In our models, the dependent variable is audit fees paid to auditor by audit client, dollars per year (continuous variable). We use regression to analyze the data.

Our issue is the measure of a predictor variable, restatement by client company (correction of reporting error from prior year). Prior studies generally use one of two measures listed below:

*Restatement (binary).*Did company restate financial restatement? Yes/no, 1 or 0

*Restatement (ratio -- restructuring dollar amount/ income of company in dollars).*If company restates the financial statement, what is the relative effect on income? If company does not restate, then the ratio is zero. In our sample, about 70% of sample do not restate so those observations have zero ratio value.
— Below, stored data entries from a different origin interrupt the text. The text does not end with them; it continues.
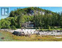 Known as the "Rock House," this distinctive and remarkable two-story stone cottage, has served as a family retreat for generations. Nestled on 2.5 acres, this fully renovated cottage boasts an addition completed between 2006 and 2008. It features exquisite stonework both inside and out, complemented by a beautifully designed flagstone patio where one can unwind and take in the stunning views of Georgian Bay. The property extends to 664 feet of shoreline, complete with a shore well and firepit located at the deeded waterfront. Envision gathering with family and or friends by the fire pit under the night sky, perhaps stargazing on a clear evening. Upon entering the cottage, a warm, welcoming great room greets you, alongside a living/dining area with a snug woodstove insert, a galley-style kitchen, two spacious bedrooms, a two-piece powder room, laundry amenities, and a three-piece bathroom, all situated on the main floor. The upper level houses two more bedrooms and a loft space that doubles as additional sleeping quarters. Plenty of storage throughout. The cottage is equipped with in-floor heating and electric baseboard heaters. Additional features include an outdoor stone refrigerator room, a sauna for post-swim relaxation in Georgian Bay's invigorating waters, and a boathouse/storage area for watercraft and gear. Moreover, the property is outfitted with a shore well, a drilled well, an aerobic system, and a crawl space insulated with spray foam. The exterior showcases stone and Hardie board siding. This unique estate lies against the backdrop of the escarpment in Barrow Bay, in proximity to the Bruce Trail and a brief drive from the village of Lion's Head. The property fronts the waterfront (664 feet),separated by a traveled road, with the seller owning the waterfront land across. Taxes are $3,967.17. Cottage can be used for year round living. One must see it to truly appreciate it! Located on quiet No Exit Road. Please do not enter the property without a REALTOR (id:50886)
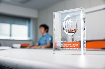 本文に紹介した「Tuna-Sand」がロボット大賞を受賞したのは2012年。当時、中谷さんはすでにJAMSTECに在籍していたが、恩師である浦教授は「君がもっていなさい。功労者は君だ」と花をもたせてくださったという。
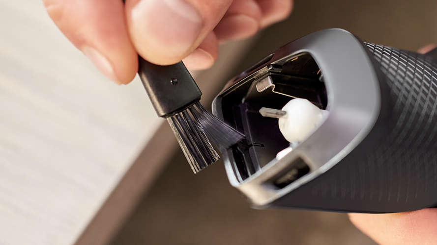 Để vệ sinh đầu cạo, bạn chỉ cần bật đầu cạo ra và dùng bàn chải vệ sinh đi kèm để quét sạch mà không cần tra dầu.
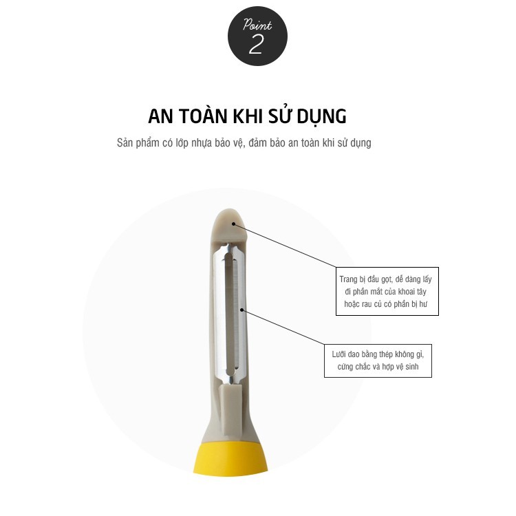 * Sản phẩm có lưỡi dao làm bằng thép không gỉ, sắc bén, tuyệt đối an toàn khi sử dụng, có tay cầm bằng silicone giúp bạn dễ thao tác.
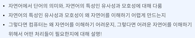 목표 - 자연어에서 단어의 의미와 단어 간 유사성과 모호성에 대해 이해할 수 있습니다.
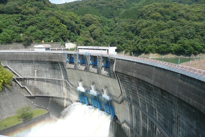 ドーム型アーチ式のダムです。通路は全長254m。迫力満点の放流シーンを眺められますが、いつ放流されるかは情報を確認してくださいね。
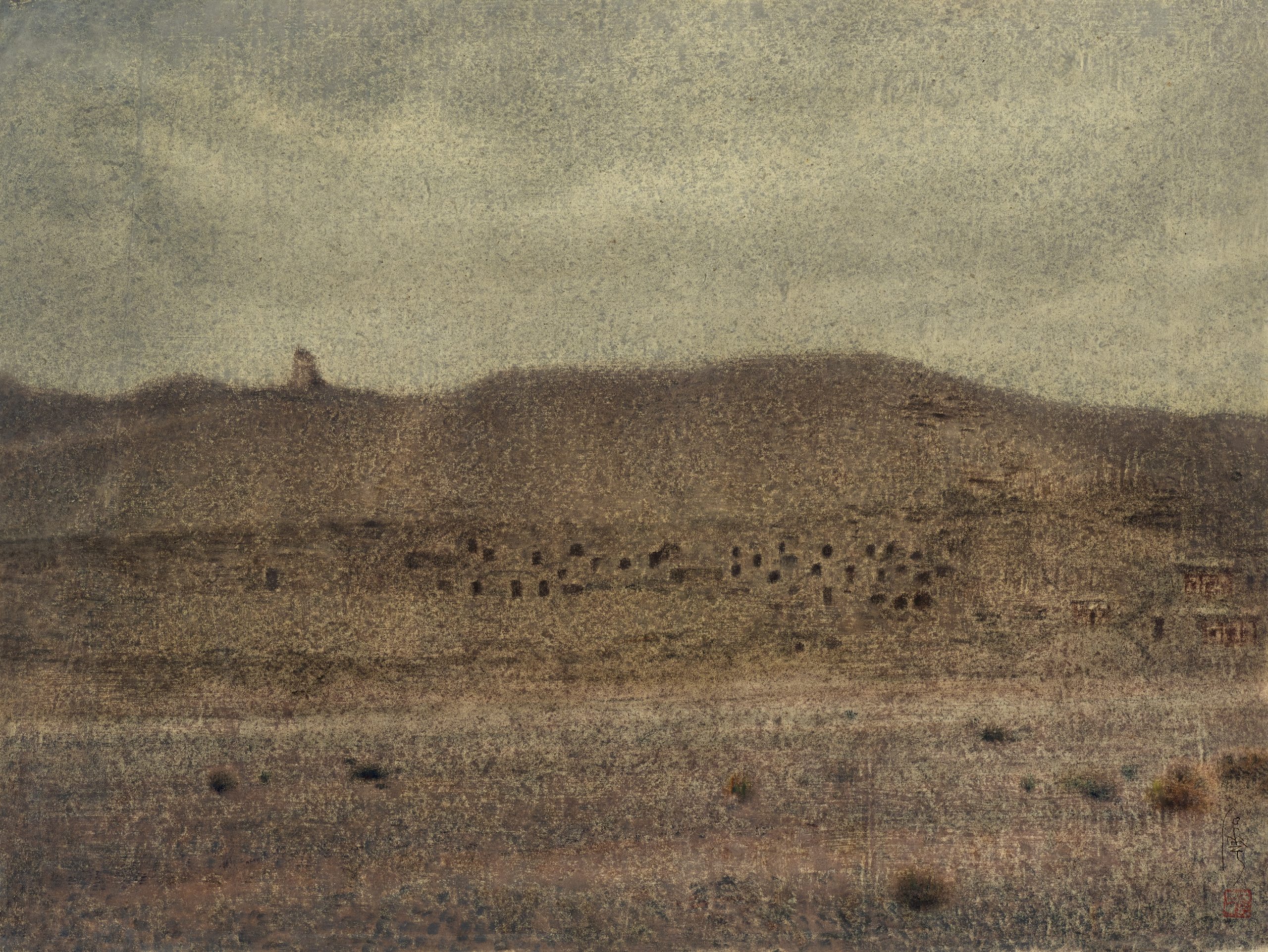 One enters Qiu Shihua’s paintings as if slipping into the morning mist. Whiteness dominates, shifting in a variety of shades. By pushing the contrast of form and colour to an absolute minimum, even to the point where it can hardly be differentiated, Qiu has changed the act of viewing from an active solicitation to an alert envisioning. Yet, because his faintly painted landscapes cannot be discerned at a glance, it is necessary first to relax the mind before the image in the painting slowly floats into view: in this way a meditative state becomes the prerequisite condition for viewing the work. Gradually the eyes make out the view: the vague fold of trees, and fainter woods afar. Eventually one seems to see, or sense, every detail, down to the play of light on the tufts of grassy fodder. In many of Qiu’s paintings the qualities of breath-rhythm (qiyun) and inner vitality (lingdong) are palpable. They give the impression of entering the world at a moment of fullness when its mysteries are about to be revealed: light at daybreak, first darkness at dusk, or the moment when sound breaks the fullness of silence.
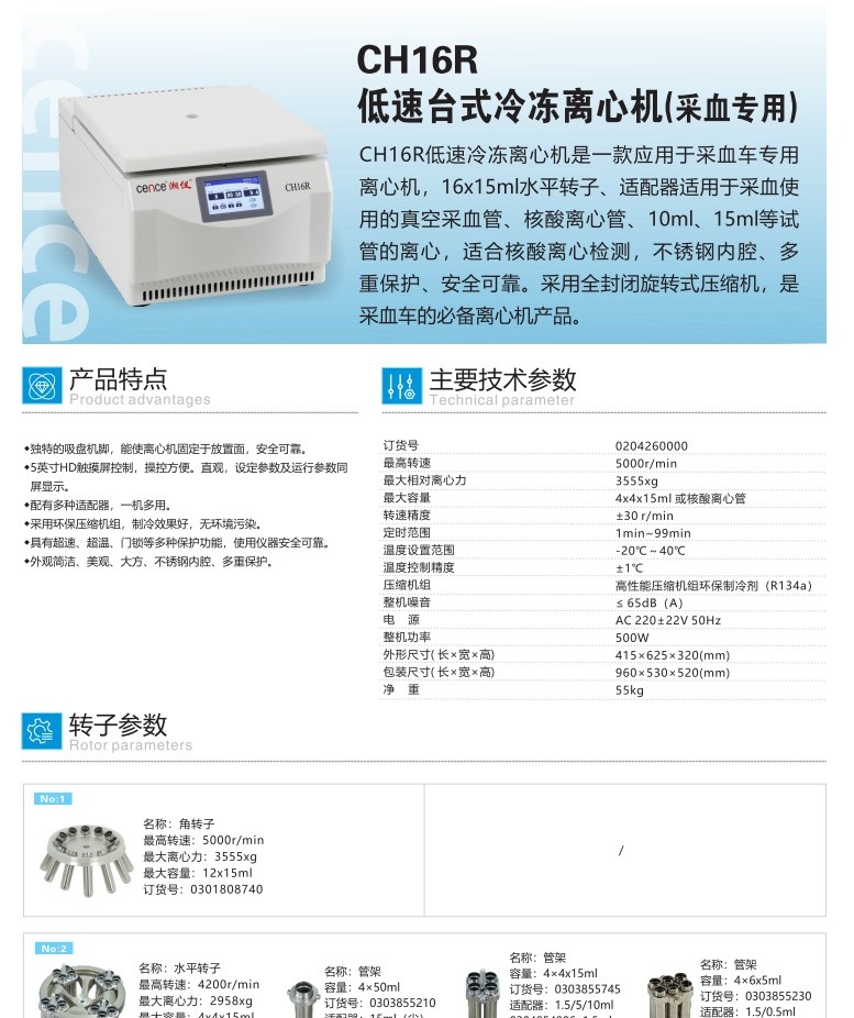CH16R低速冷冻离心机是一款应用于采血车专用离心机,16x15ml水平转子、适配器适用于采血使用的真空采血管、核酸离心管、10ml、15ml等试管的离心,适合核酸离心检测,不锈钢内腔、多重保护、安全可靠。采用全封闭旋转式压缩机,是采血车的必*离心机产品。
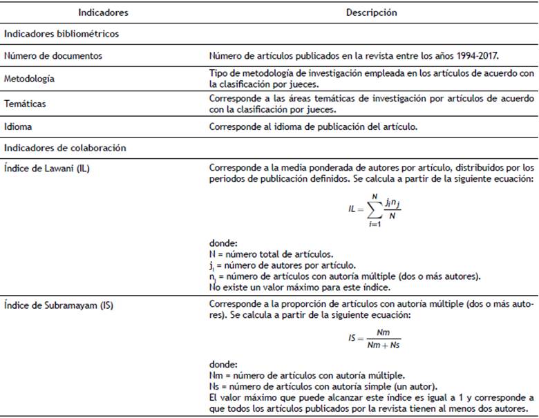 El método es de carácter bibliométrico y se realiza a partir del análisis de los artículos (Salas et al., 2017). Esta estrategia permite dar cuenta de una serie de indicadores generales y otros más específicos (véase tabla 1). La estrategia de análisis, en términos de indicadores bibliométricos y la definición de criterios temáticos y metodológicos, siguió los lineamientos propuestos por Salas et al. (2017).
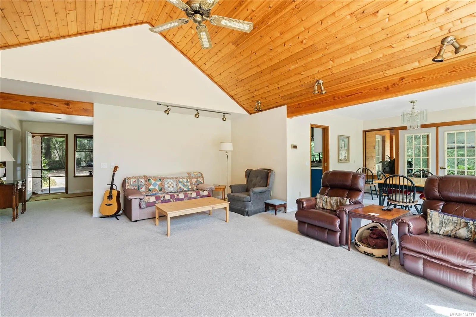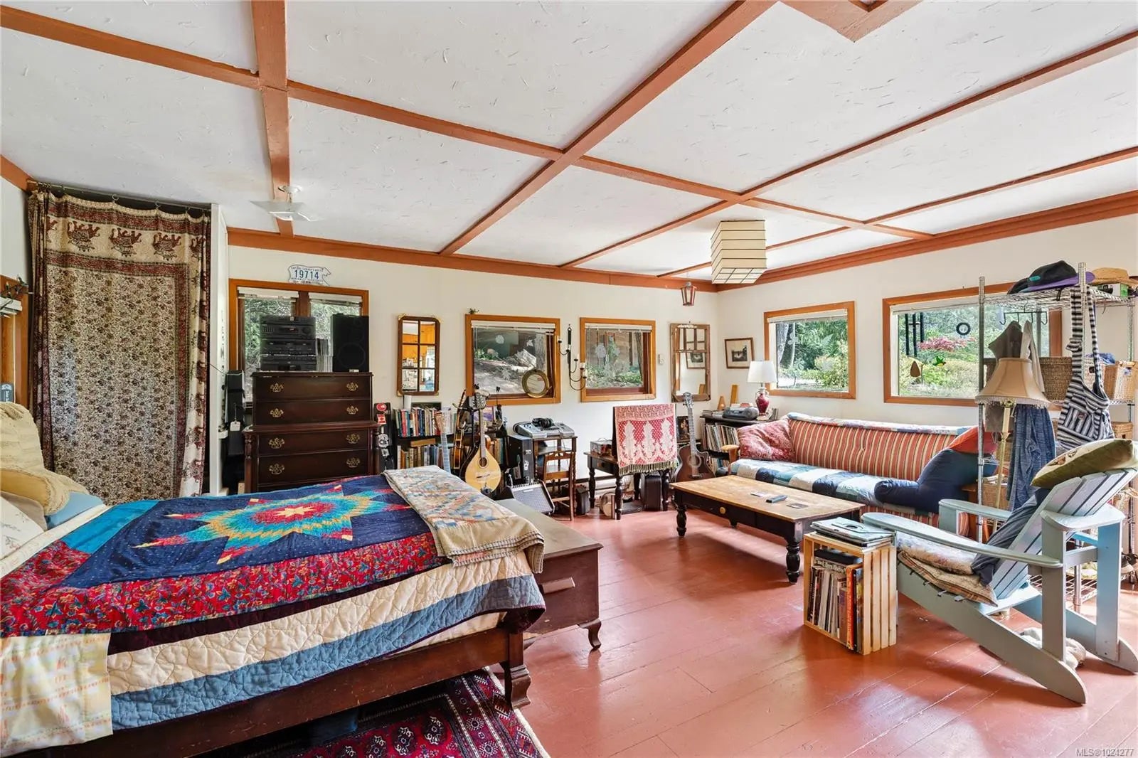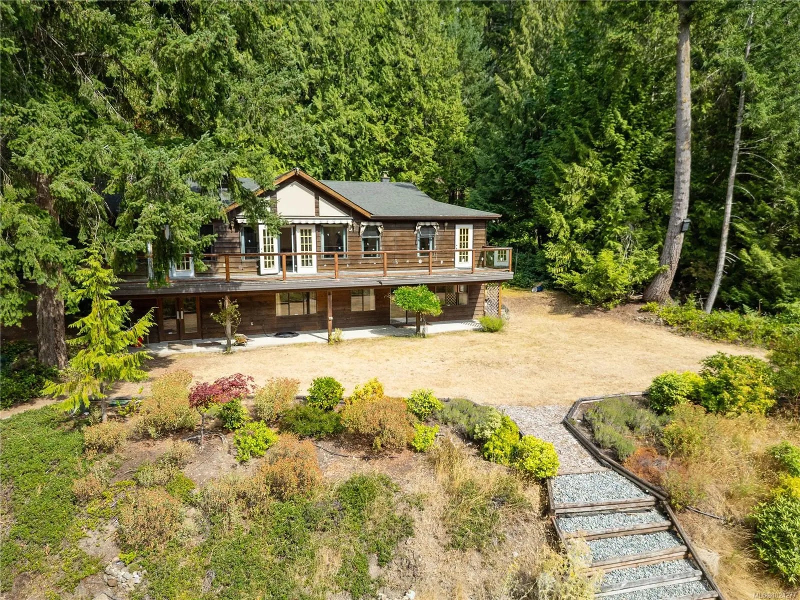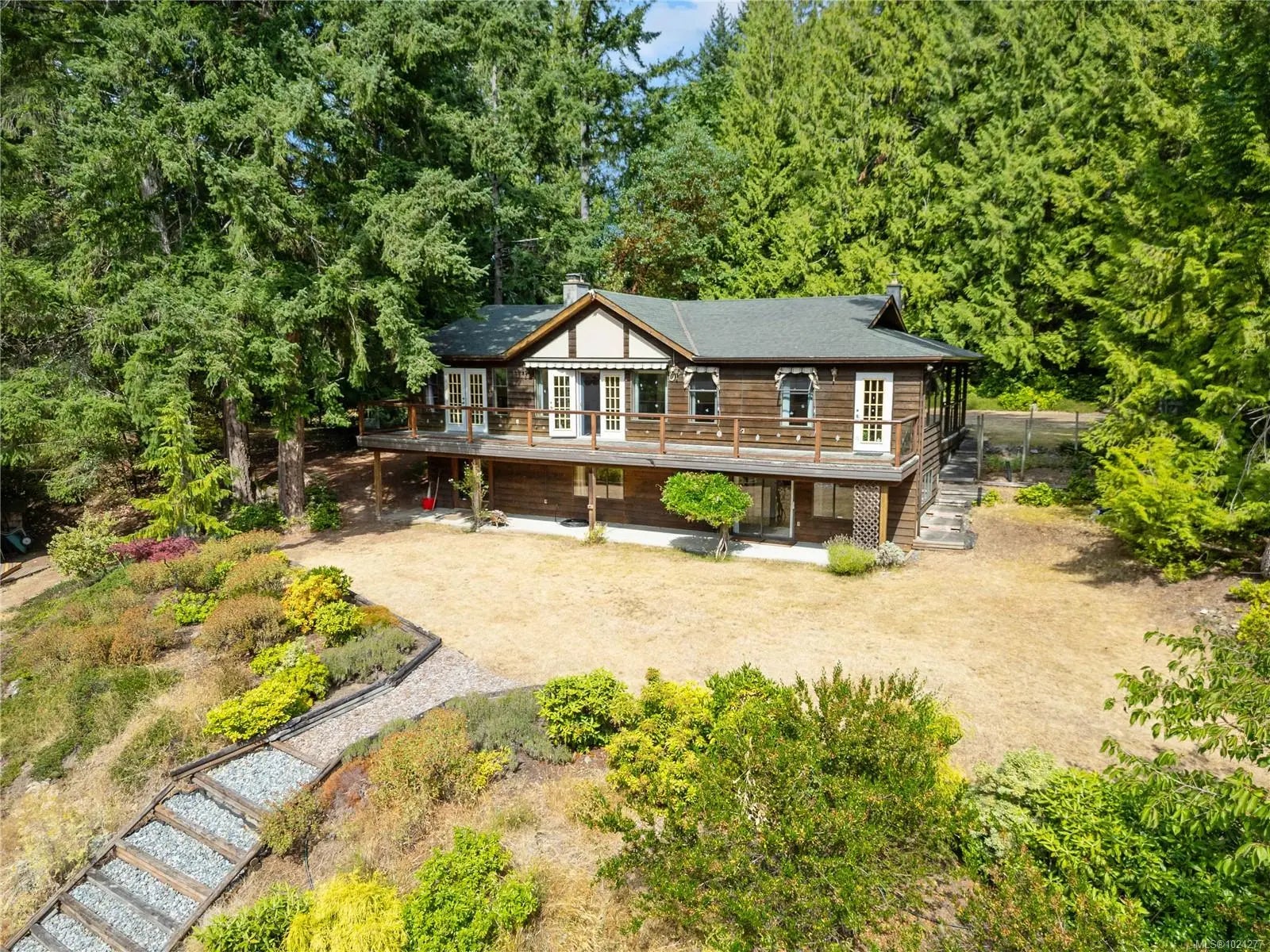 Your own secluded island sanctuary offered for the first time on the market. This outstanding estate is nestled on nearly 10 acres of sun-drenched, private land, with nearby shoreline access via the scenic Jack Foster Trail bordering the property. The well maintained, thoughtfully designed home harmonizes beautifully with its natural surroundings, offering efficient main-level living and stunning views over a large pond, lush perennial gardens, and fruit trees. West Coast charm shines with wood accents, vaulted ceilings, and a cozy fireplace, while the lower level provides a welcoming guest area. Relax on the sun decks and tranquil patio sitting areas, or retreat to the charming two-level substantial, guest cottage, with its own private location. A separate studio offers the perfect space for creative pursuits or a quiet workspace and in addiition, there is a triple care garage. Serenity, peace and quiet in a secluded natural setting close to the beach equals the perfect island haven.
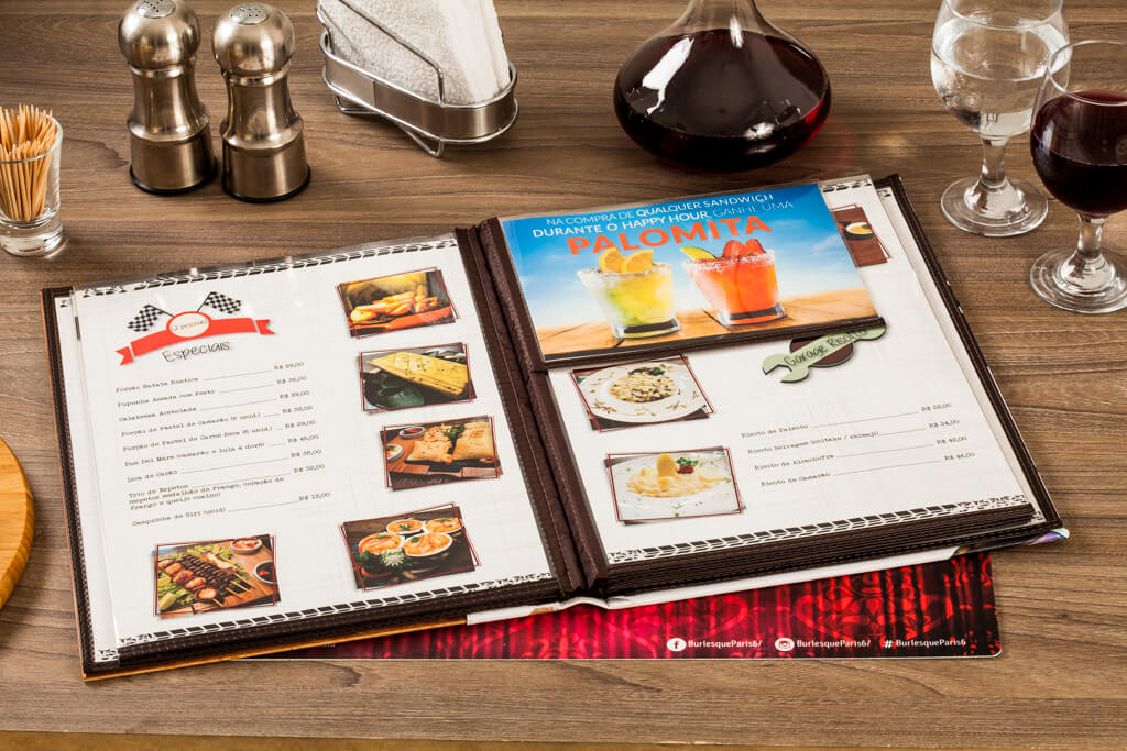 Sem contar com o fato do Cardápio de Madeira ser um produto com maior durabilidade e resistência, gerando a combinação perfeita entre economia e luxo, requinte e qualidade superior.
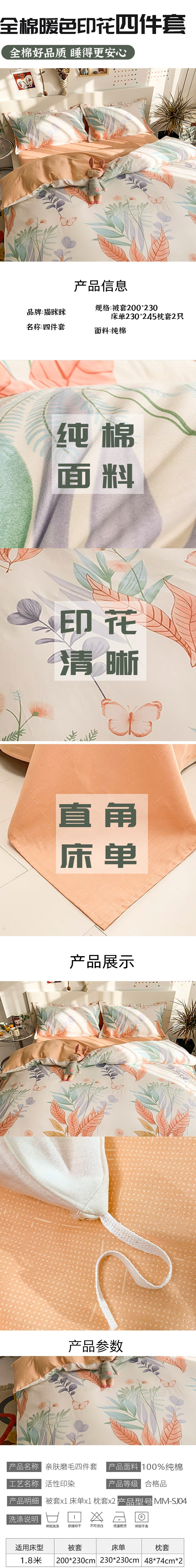 猫眯眯MM-SJ04花曳纯棉四件套1.8m床200x230 花色

We need to choose between three models:

*LnAFt,*Natural log of audit fees

*LnAFt*= α0 + α1**Restatement (binary--yes/no)*+ various control variables*LnAFt*= α0 + α1**Restatement (ratio)*+ various control variables*LnAFt*= α0 + α1**Restatement (binary--yes/no)*+ α2**Restatement (ratio)*+ various control variables

Which model do you recommend? Or is there another way to model the restatement effect?

For model (2), using regression, would this model yield a biased estimate of α1 (Restatement ratio) because most of sample do not have restatement and therefore have zero values for ratio. According to our theoretical arguments, a restating company with a very small ratio would have significantly higher fees than a company with no restatement. (The error may have been relatively small in dollars, but now the integrity of the financial accounting system is in question.)

Or do we use first model above, then split sample by restatement (yes/no)? For those companies that restate, run model (2). Preliminary analysis with our sample suggests that, for this group, the higher the ratio, the larger the LnAF.

Any insight into modelling issue would be appreciated.